Data for this task:
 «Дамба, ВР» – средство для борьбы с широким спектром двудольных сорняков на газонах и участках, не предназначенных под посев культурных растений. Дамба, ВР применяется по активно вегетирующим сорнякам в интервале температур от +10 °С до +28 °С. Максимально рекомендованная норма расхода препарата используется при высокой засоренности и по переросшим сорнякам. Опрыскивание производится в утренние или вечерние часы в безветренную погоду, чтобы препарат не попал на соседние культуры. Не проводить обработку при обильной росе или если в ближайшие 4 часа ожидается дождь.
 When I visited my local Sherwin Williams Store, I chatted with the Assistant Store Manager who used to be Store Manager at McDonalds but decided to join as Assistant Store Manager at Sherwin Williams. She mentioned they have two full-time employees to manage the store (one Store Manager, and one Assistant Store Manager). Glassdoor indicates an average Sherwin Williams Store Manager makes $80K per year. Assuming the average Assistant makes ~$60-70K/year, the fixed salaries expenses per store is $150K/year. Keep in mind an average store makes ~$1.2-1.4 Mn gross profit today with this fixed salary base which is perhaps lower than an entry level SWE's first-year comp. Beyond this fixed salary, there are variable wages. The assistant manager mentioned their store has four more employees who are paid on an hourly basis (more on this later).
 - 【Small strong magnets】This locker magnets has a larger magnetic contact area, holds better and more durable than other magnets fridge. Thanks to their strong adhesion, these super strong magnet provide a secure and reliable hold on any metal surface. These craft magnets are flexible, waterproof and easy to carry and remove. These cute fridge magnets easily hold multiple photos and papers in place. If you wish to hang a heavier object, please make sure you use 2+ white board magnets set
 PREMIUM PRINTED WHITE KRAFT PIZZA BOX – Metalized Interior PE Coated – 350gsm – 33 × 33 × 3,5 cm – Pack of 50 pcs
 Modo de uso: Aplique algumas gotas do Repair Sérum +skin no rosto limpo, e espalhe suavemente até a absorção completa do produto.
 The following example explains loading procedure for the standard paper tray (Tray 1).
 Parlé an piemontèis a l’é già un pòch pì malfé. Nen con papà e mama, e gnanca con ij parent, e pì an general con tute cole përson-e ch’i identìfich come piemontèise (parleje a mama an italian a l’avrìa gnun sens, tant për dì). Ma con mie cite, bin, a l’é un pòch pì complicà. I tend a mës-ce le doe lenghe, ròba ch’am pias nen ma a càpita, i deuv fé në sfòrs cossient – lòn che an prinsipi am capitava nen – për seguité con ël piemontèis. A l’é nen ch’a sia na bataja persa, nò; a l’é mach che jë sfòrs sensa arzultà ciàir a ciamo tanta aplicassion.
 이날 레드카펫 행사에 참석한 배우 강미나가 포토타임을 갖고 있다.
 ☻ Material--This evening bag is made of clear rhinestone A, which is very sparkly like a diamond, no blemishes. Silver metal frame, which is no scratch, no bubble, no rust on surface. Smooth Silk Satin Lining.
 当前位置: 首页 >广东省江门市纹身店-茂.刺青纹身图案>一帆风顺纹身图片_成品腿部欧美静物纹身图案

Exercise objective: Line by line, please reproduce the records exactly.

Written response:
 «Дамба, ВР» – средство для борьбы с широким спектром двудольных сорняков на газонах и участках, не предназначенных под посев культурных растений. Дамба, ВР применяется по активно вегетирующим сорнякам в интервале температур от +10 °С до +28 °С. Максимально рекомендованная норма расхода препарата используется при высокой засоренности и по переросшим сорнякам. Опрыскивание производится в утренние или вечерние часы в безветренную погоду, чтобы препарат не попал на соседние культуры. Не проводить обработку при обильной росе или если в ближайшие 4 часа ожидается дождь.
 When I visited my local Sherwin Williams Store, I chatted with the Assistant Store Manager who used to be Store Manager at McDonalds but decided to join as Assistant Store Manager at Sherwin Williams. She mentioned they have two full-time employees to manage the store (one Store Manager, and one Assistant Store Manager). Glassdoor indicates an average Sherwin Williams Store Manager makes $80K per year. Assuming the average Assistant makes ~$60-70K/year, the fixed salaries expenses per store is $150K/year. Keep in mind an average store makes ~$1.2-1.4 Mn gross profit today with this fixed salary base which is perhaps lower than an entry level SWE's first-year comp. Beyond this fixed salary, there are variable wages. The assistant manager mentioned their store has four more employees who are paid on an hourly basis (more on this later).
 - 【Small strong magnets】This locker magnets has a larger magnetic contact area, holds better and more durable than other magnets fridge. Thanks to their strong adhesion, these super strong magnet provide a secure and reliable hold on any metal surface. These craft magnets are flexible, waterproof and easy to carry and remove. These cute fridge magnets easily hold multiple photos and papers in place. If you wish to hang a heavier object, please make sure you use 2+ white board magnets set
 PREMIUM PRINTED WHITE KRAFT PIZZA BOX – Metalized Interior PE Coated – 350gsm – 33 × 33 × 3,5 cm – Pack of 50 pcs
 Modo de uso: Aplique algumas gotas do Repair Sérum +skin no rosto limpo, e espalhe suavemente até a absorção completa do produto.
 The following example explains loading procedure for the standard paper tray (Tray 1).
 Parlé an piemontèis a l’é già un pòch pì malfé. Nen con papà e mama, e gnanca con ij parent, e pì an general con tute cole përson-e ch’i identìfich come piemontèise (parleje a mama an italian a l’avrìa gnun sens, tant për dì). Ma con mie cite, bin, a l’é un pòch pì complicà. I tend a mës-ce le doe lenghe, ròba ch’am pias nen ma a càpita, i deuv fé në sfòrs cossient – lòn che an prinsipi am capitava nen – për seguité con ël piemontèis. A l’é nen ch’a sia na bataja persa, nò; a l’é mach che jë sfòrs sensa arzultà ciàir a ciamo tanta aplicassion.
 이날 레드카펫 행사에 참석한 배우 강미나가 포토타임을 갖고 있다.
 ☻ Material--This evening bag is made of clear rhinestone A, which is very sparkly like a diamond, no blemishes. Silver metal frame, which is no scratch, no bubble, no rust on surface. Smooth Silk Satin Lining.
 当前位置: 首页 >广东省江门市纹身店-茂.刺青纹身图案>一帆风顺纹身图片_成品腿部欧美静物纹身图案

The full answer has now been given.